This should come as no surprise, seeing as SA has engaged in a continued pattern of opportunistic behavior recently. They now back Green presidential candidate Jill Stein, who they argue is vital in the struggle for a mass party. They have continued their use of Sanders’ rhetoric, advocating for a “political revolution” to bring about an end to corporate politics. This populism also incorporates the language of the Occupy movement, calling for the 99% to form their own independent party.

The problem with this sort of popular electoralism is that it bases itself in a purely political  perspective. Social change is viewed in terms of votes and legislation, and is disconnected from the material conditions of society. Talk of “polticial revolution” is emblematic of this phenomenon. Divorced from any notions of socioeconomic transformation, the idea of revolution just becomes another term for the changing of government. The same can be said for a “party of the 99%”, which manifests itself in calls for multi-party democracy and the implementation of social democratic reforms. It is not in reality a call for a revolutionary movement, but a call for the addition of another player to the game of bourgeois politics.

The adoption of such positions becomes especially problematic when they are taken by a group that claims to uphold revolutionary socialism. Socialist Alternative has eagerly embraced the ideology of capitalist democracy, all the while presenting themselves as defenders of the working class. Despite attempts to show a nuanced, critical take on the election, the party’s overwhelming support for the Sanders campaign has been quite disconcerting. Even after his loss in the primaries, SA continued their cheerleading for the social democrat from Vermont. Another essay proclaims that “Socialist Alternative is calling on Bernie to continue running through November as an independent if he is blocked in the rigged primary process. Win or lose in the general election, an independent Sanders campaign could win millions of votes and lay the foundations for a new party of the 99%”.

Socialist Alternative would most likely attempt to justify this parliamentarianism by arguing that their actions have been strategic attempts to engage the working class, opening up opportunities for intensified class struggle. This argument relies on the presumption that the electoral arena is a viable agent of radical change. Yes, SA is not openly reformist, but in their tactical decisions lies the implication that participation in bourgeois politics allows revolutionaries to interact with workers in a meaningful way.

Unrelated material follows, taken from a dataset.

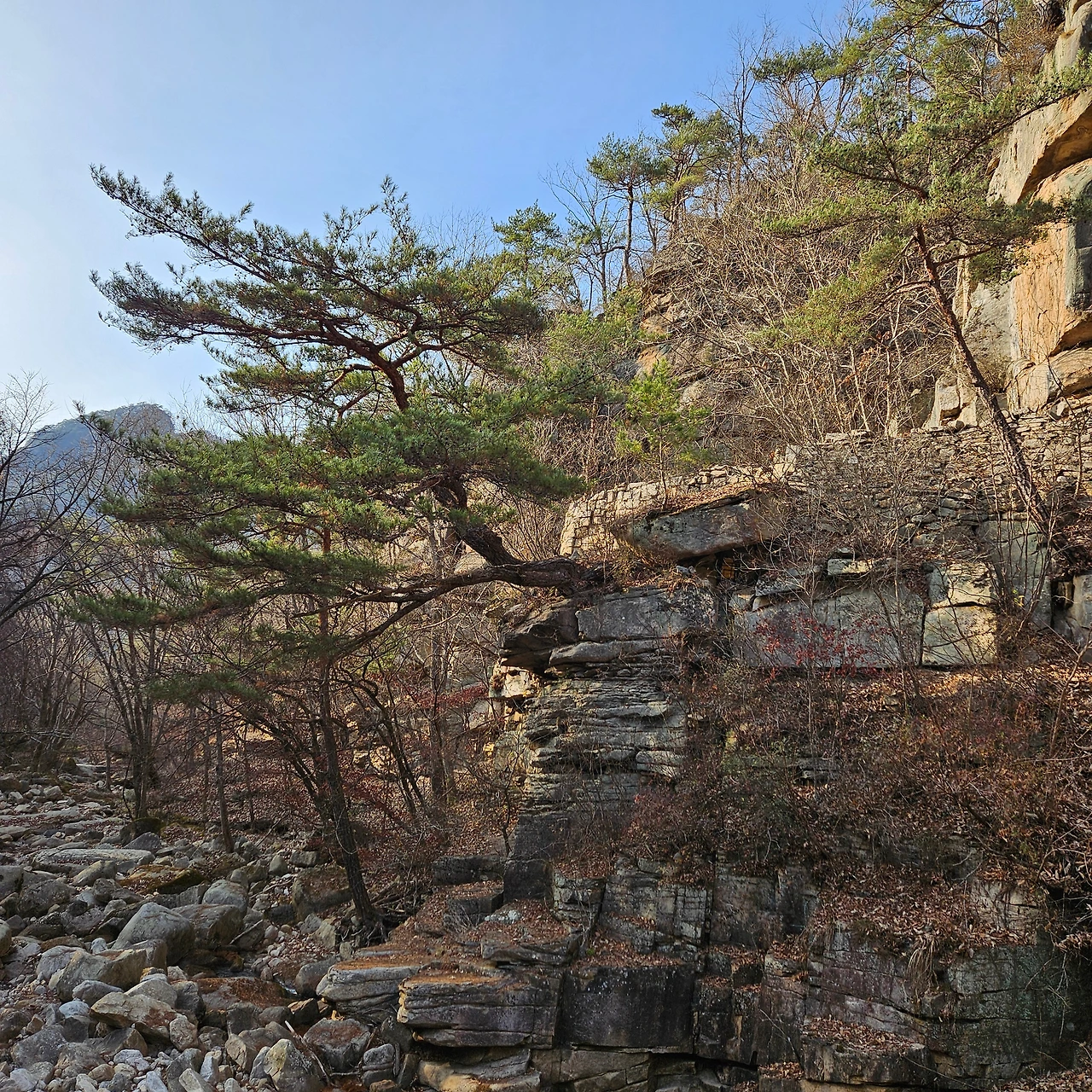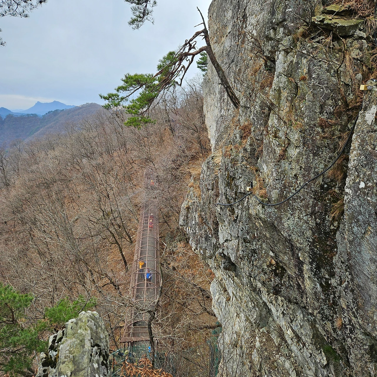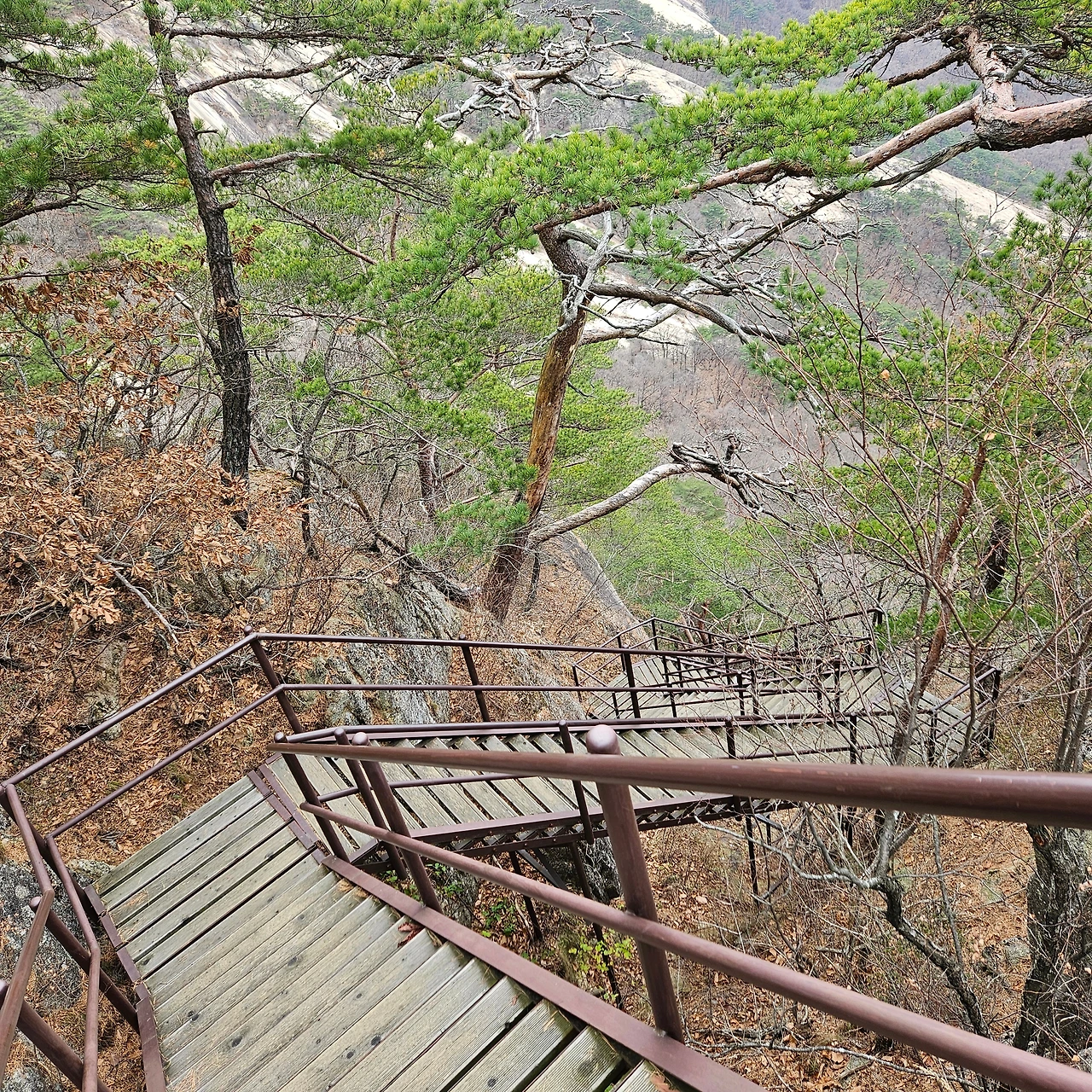 산을 올라오는 사람들이 많다. 대부분이 신륵사쪽에서 올라오고 있다. 내려가면서 데크를 보니 만개의 계단아 저절로 생각이 난다. 10층이상의 높이를 계단을 통해 오르면 영봉 정상이라고 올라오는 사람들이 물어보면 답변을 한다. 영봉 밑을 지나면서 돌이 떨어지는 것을 피하기 위하여 철망을 만들어 놓은 것을 보고 세심함에 감탄을 한다. 영봉아래를 지나면서 옛 등산로와 울타리가 훼손된 것을 보면 낙석의 위험을 알 수 있다. 영봉을 오르면서 아름답게 보았던 등산로에 들어섰다. 하산길이라서 더욱 아름답다고 해야 할 것이다. 영봉의 그 암릉이 보이는데 앙상항 나뭇사이로만 보일 뿐 사진으로 담을 수 없다. 송계로 내려가는 동창교 안내판이 있고 안전산행 쉼터가 있지만, 언제 물을 열지 모르게 잠겨 있다. 코로나 시절 사람들이 모이는 것을 없애기 위하여 닫아 둔 것 같은데 그것이 아직도 닫혀있다고 보아야 할 것이다. 이제는 겨울이다. 추위와 바람에서 쉬고 픈 등상객들을 위하여 문을 열어야 될 것 같다.

The contradiction of such a theory is that in choosing to take part in the electoral process, “socialists” only help facilitate the function of liberal democracy as an ideological mechanism.

Structural change must be sought through non-structural, or rather, non-institutional, methods, and in this historical moment it is more clear than ever that mainstream politics serve to obscure and redirect any intensified spurts of class antagonism. At this present time, with capitalism completely devoid of any progressive tendencies, proletarian liberation lies far beyond the electoral realm. And yet we continue to be confronted with  the efforts of groups like SA to entrech socialism in the politics of capital, diving head-first into the world of the “establishment” they claim to combat. It thus becomes necessary to reject such strategies and the groups that pursue them in order to advance Marxist theory and praxis. The abolition of capitalist social relations can only come through the dismantlement of the repressive institutions and systems that keep them in place, not embracing them.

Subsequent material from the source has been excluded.